Working with immutable collections can sometimes give bad performance due to extensive copying. Scala provides so-called persistent datastructures which makes working with immutable collections fast. They are immutable but with constant time access and modification. They use structural sharing and an insert or update does not ruin the old structure, hence “persistent”. Makes working with immutable composite types fast. The persistent datastructures currently consist of a Map and Vector.

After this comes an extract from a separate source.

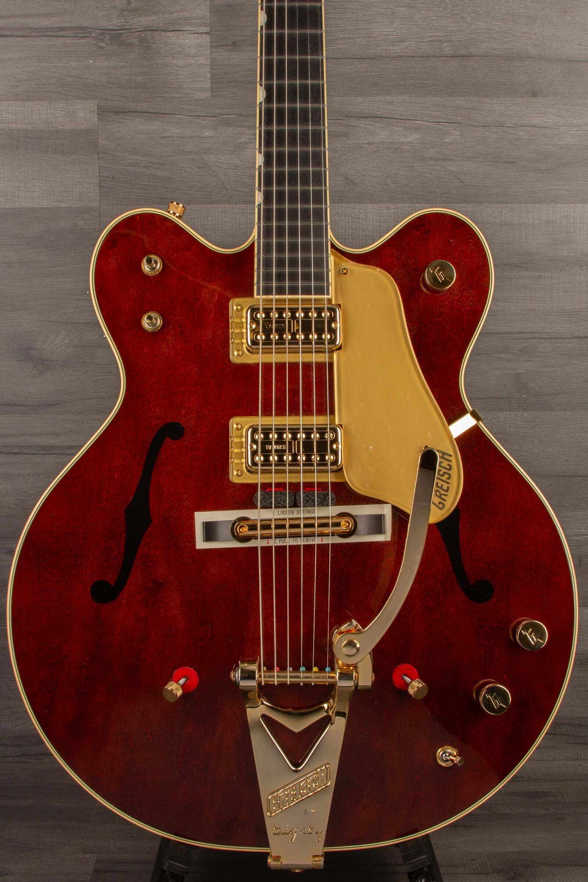 A true rock ‘n’ roll classic, this guitar features the appointments that made this guitar a legend dual foam string mutes with red felt surrounds, standby switch, laminated 3-ply maple top with simulated F Holes, gold “G Arrow” control knobs, aged white binding with black purfling, gloss urethane finish, aged pearloid thumbnail inlays, gold vintage thick plexi pickguard with Gretsch logo and gold Grover Imperial tuning machines. A distinguished instrument from the earliest days of the British Invasion, the G6122T-62 Vintage Select Edition '62 Chet Atkins Country Gentleman Hollow Body with Bigsby is the guitar that laid down the foundation of rock as we know it.
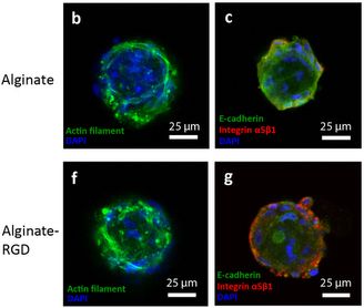 Капли, содержащие во внутренней фазе микрогель альгинат или альгинат-RGD, которые помещали в среду, содержащую ионы Ca2+, что приводило к образованию кросс-сшивок между цепями альгината и формировало трехмерную пространственную пористую структуру с образованием твердого геля. Клетки hMSC сфероидов в обоих случаях показывали экспрессию E-кадгерина, а в случае альгинат-RGD также экспрессировался интегрин α5β1, что может привести к заключению, что аминокислотная последовательность RGD (аргинин-глицин-аспартат) приводила к экспрессии рецепторов на поверхности клетки, которые могли бы в дальнейшем направить дифференцировку клетки по остеогенному пути, что наблюдалось в одном из экспериментов. Через 7 дней после культивирования сфероидов, инкапсулированных в альгинат-RGD гель, наблюдалось повышенное содержание кальциевых депо (окраска ализариновым красным) и повышенная активность щелочной фосфатазы, что свидетельствует о начале дифференцировке в костную ткань.

Here is a simple example of an incremental counter using STM. This shows creating a ``Ref``, a transactional reference, and then modifying it within a transaction, which is delimited by ``atomic``.

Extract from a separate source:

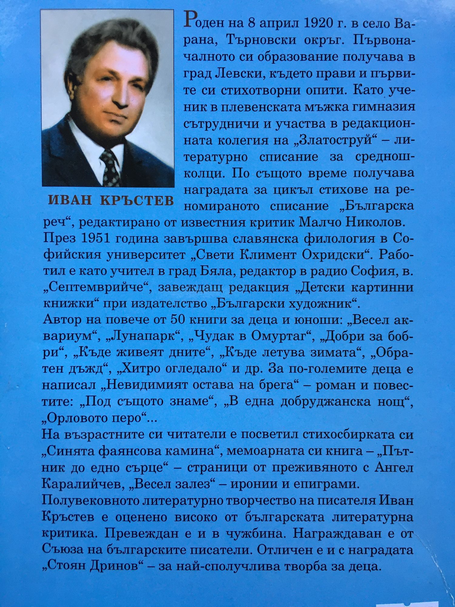 Иван Кръстев Иванов, български писател и автор на произведения за деца, е роден на 08.04.1920 г. в село Варана, Плевенско. Първоначалното си образование получава в гр. Левски, където прави първите си стихотворни опити. Като ученик в Плевенската мъжка гимназия сътрудничи и участва в редактирането на средношколското списание „Златоструй”. Завършва гимназия в Плевен през 1942 г. и славянска филология в Софийския университет (1951). Учителства в Бяла, София (1959-1962). Редактор в Радио София (1947-1951), във вестник “Септемврийче” (1951-1959), завежда редакция “Детски картинни книжки” в изд. “Български художник” от 1962 г. Автор е на повече от 50 книги за деца и юноши, издадени в приблизително 2 милиона тираж. За по-големите деца е написал “В ябълковата градина” (приказки, 1973), “Орловото перо” (повест за деца, 1969), “В една добруджанска нощ” (повест за юноши, 1971), “Далечните похитители” (роман, 1975), „Невидимият „Весел аквариум”, „Луна парк”, „Чудак в Омуртаг”, „Добри за борби”, „Къде живеят дните”, „Къде летува зимата”, „Обратен дъжд”, „Хитро огледало”, „Шарено кълбо” (избрано), „Остава на брега” (роман) и „Под същото знаме”. Голяма част от произведенията му са пропити с патриотична и родолюбива тематика. На възрастните си читатели е посветил стихосбирката „Синята фаянсова камина” (лирика, 2008), мемоарната си книга „Пътник до едно сърце” (страници от преживяното с Ангел Каралийчев, 2002) и „Весел залез” (иронии и епиграми). Член на СБП, многократно награждаван за произведенията си с детско-юношеска тематика. Негови творби са превеждани и в чужбина. Живее в София.

Refs (transactional references) are mutable references to values and through the STM allow the safe sharing of mutable data. Refs separate identity from value. To ensure safety the value stored in a Ref should be immutable (they can of course contain refs themselves). The value referenced by a Ref can only be accessed or swapped within a transaction. If a transaction is not available, the call will be executed in its own transaction (the call will be atomic). This is a different approach than the Clojure Refs, where a missing transaction results in an error.
Use ``get`` to access the value of a Ref. Note that if no initial value has been given then the value is initially ``null``.
..code-block:: scala
import akka.stm._
val ref = Ref(0)
atomic {
ref.get
}
// -> 0
If there is a chance that the value of a Ref is null then you can use ``opt``, which will create an Option, either Some(value) or None, or you can provide a default value with ``getOrElse``. You can also check for null using ``isNull``.

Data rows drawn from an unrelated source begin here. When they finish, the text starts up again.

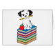 Een dalmatische puppy met een potlood in zijn mond zit op een stapel boeken. Pas dit product aan met een naam of bericht om het echt uniek te maken
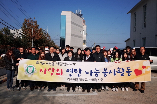 강릉영동대 교직원과 학생 60여 명은 17일 강릉시 노암동 부기촌 일대에서 어려운 이웃을 찾아 사랑의 연탄 나눔 봉사활동을 펼쳤다.
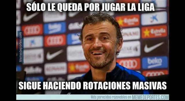 Los memes apuntaron a Luis Enrique quien sigue haciendo rotaciones pese a estar eliminado de la Champions League. Lionel Messi, Gerard Piqué y Javier Mascherano también fueron puntos de burlas.

All changes made to transactional objects are isolated from other changes, all make it or non make it (so failure atomicity) and are consistent. With the AkkaSTM you automatically have the Oracle version of the SERIALIZED isolation level, lower isolation is not possible. To make it fully serialized, set the writeskew property that checks if a writeskew problem is allowed to happen.
A transaction is automatically retried when it runs into some read or write conflict, until the operation completes, an exception (throwable) is thrown or when there are too many retries. When a read or writeconflict is encountered, the transaction uses a bounded exponential backoff to prevent cause more contention and give other transactions some room to complete.
If you are using non transactional resources in an atomic block, there could be problems because a transaction can be retried. If you are using print statements or logging, it could be that they are called more than once. So you need to be prepared to deal with this. One of the possible solutions is to work with a deferred or compensating task that is executed after the transaction aborts or commits.
It can happen for the first few executions that you get a few failures of execution that lead to unexpected retries, even though there is not any read or writeconflict. The cause of this is that speculative transaction configuration/selection is used. There are transactions optimized for a single transactional object, for 1..n and for n to unlimited. So based on the execution of the transaction, the system learns; it begins with a cheap one and upgrades to more expensive ones. Once it has learned, it will reuse this knowledge. It can be activated/deactivated using the speculative property on the TransactionFactory. In most cases it is best use the default value (enabled) so you get more out of performance.
It's possible to configure transactions. The ``atomic`` method can take an implicit or explicit ``TransactionFactory``, which can determine properties of the transaction. A default transaction factory is used if none is specified explicitly or there is no implicit ``TransactionFactory`` in scope.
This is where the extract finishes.